→ Data:
● ● ● ● ● ● ●
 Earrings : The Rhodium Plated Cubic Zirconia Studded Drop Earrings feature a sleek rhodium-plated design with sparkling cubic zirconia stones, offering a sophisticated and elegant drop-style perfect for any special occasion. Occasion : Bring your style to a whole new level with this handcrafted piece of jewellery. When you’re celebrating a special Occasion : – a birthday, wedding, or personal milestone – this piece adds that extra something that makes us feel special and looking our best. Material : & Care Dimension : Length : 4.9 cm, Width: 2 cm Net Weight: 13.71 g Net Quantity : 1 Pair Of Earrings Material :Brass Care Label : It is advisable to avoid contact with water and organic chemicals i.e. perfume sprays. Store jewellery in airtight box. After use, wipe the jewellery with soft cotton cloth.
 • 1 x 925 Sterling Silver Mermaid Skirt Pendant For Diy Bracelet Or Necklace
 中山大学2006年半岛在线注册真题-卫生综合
● ● ● ● ● ● ●
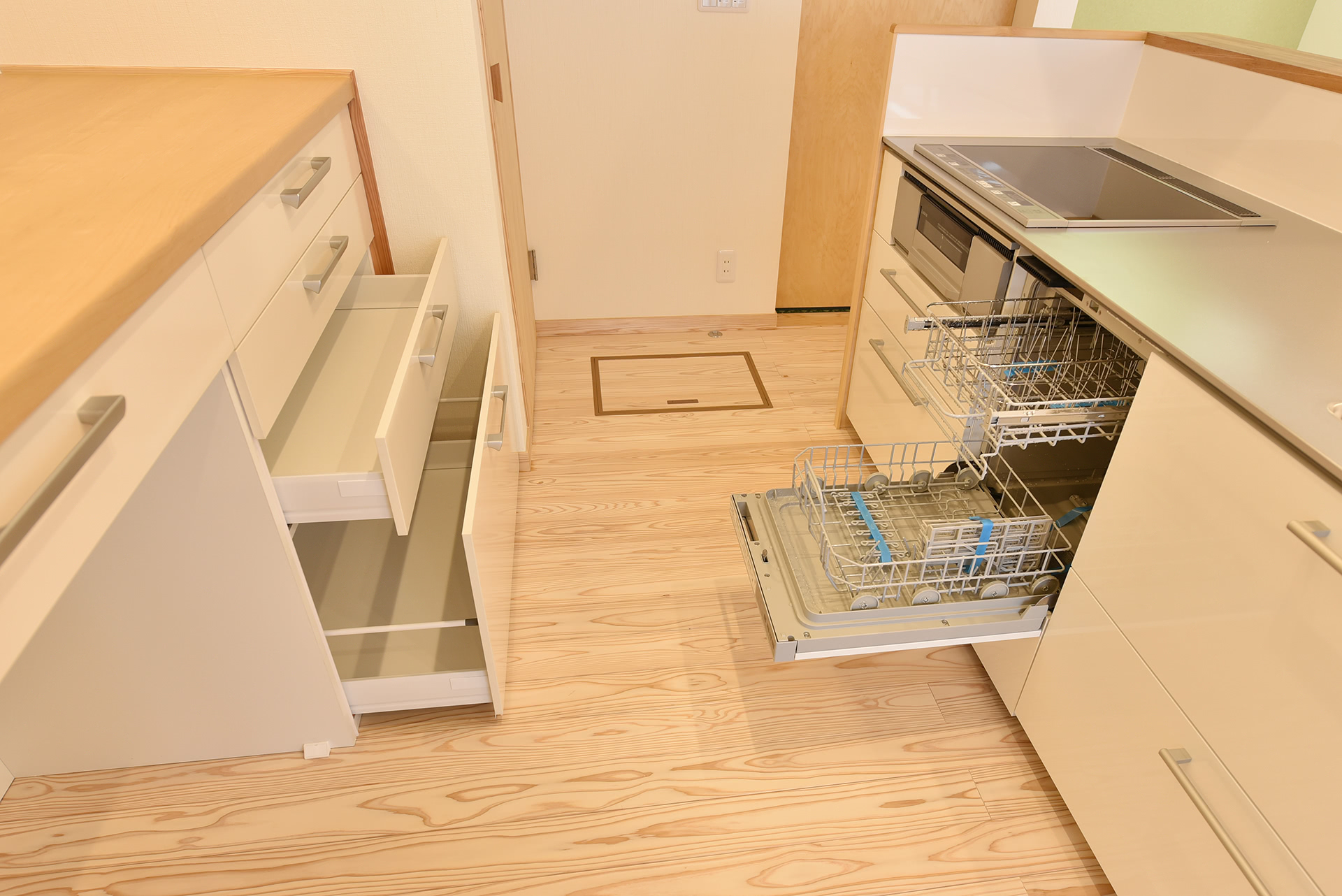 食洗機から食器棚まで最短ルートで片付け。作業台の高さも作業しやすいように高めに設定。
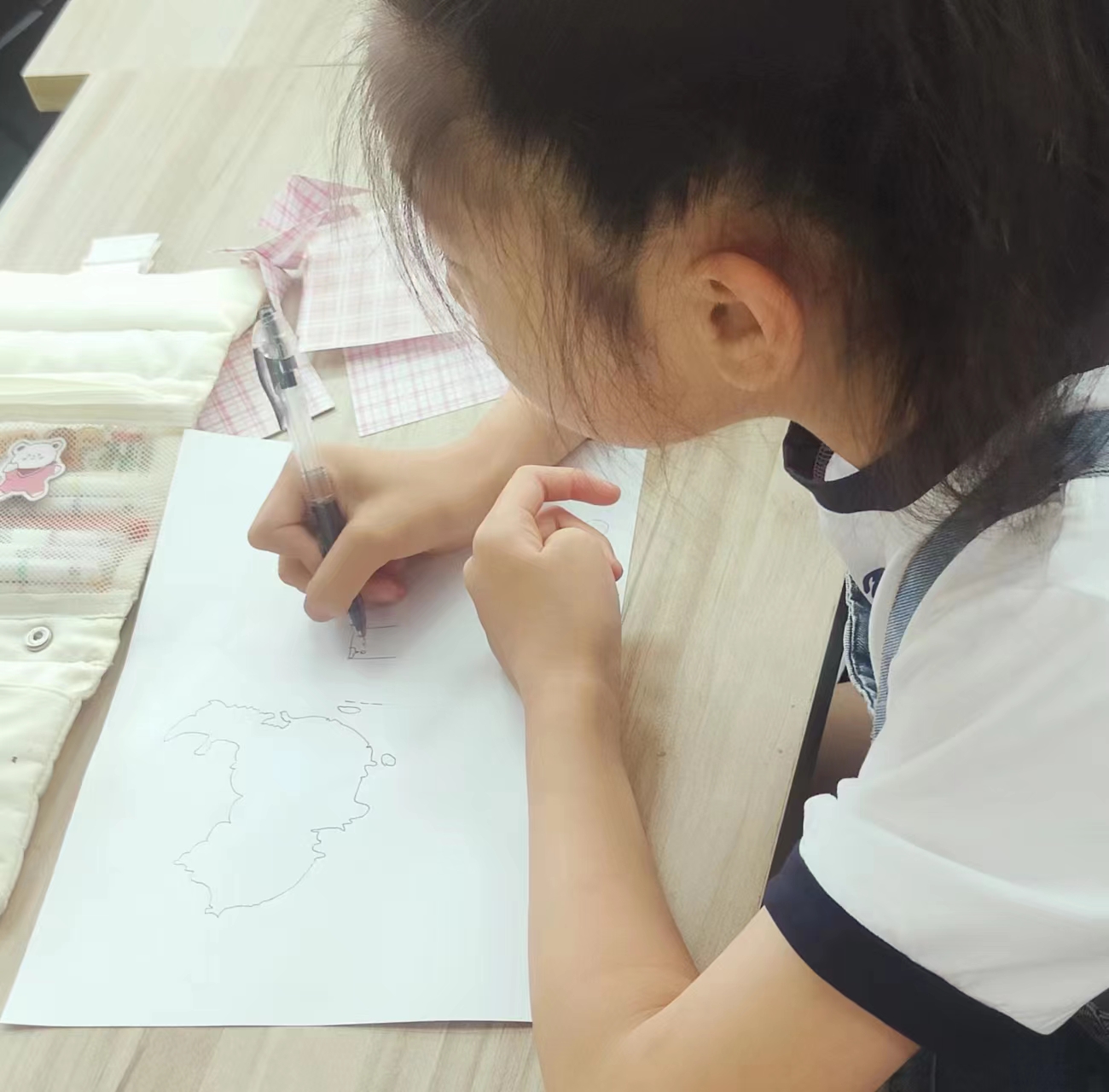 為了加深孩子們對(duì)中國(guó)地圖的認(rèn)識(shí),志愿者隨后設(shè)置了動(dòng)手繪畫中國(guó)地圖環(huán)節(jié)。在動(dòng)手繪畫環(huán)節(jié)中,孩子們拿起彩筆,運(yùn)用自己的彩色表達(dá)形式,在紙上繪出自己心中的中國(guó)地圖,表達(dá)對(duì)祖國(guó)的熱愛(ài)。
● ● ● ● ● ● ●
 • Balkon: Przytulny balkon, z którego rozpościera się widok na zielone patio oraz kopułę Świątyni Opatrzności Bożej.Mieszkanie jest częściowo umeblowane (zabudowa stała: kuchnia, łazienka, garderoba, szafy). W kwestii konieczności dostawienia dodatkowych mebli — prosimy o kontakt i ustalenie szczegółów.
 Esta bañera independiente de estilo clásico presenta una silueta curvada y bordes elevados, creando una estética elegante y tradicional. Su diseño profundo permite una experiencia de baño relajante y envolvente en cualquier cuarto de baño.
● ● ● ● ● ● ●
→ Exercise prompt:
Write out, from the lines above, only those from the line with "Bracelet Or Necklace" to the line with "中山大学2006年半岛在线注册真题-卫生综合", exactly as given, including the first and the last.

→ Result below:
 • 1 x 925 Sterling Silver Mermaid Skirt Pendant For Diy Bracelet Or Necklace
 中山大学2006年半岛在线注册真题-卫生综合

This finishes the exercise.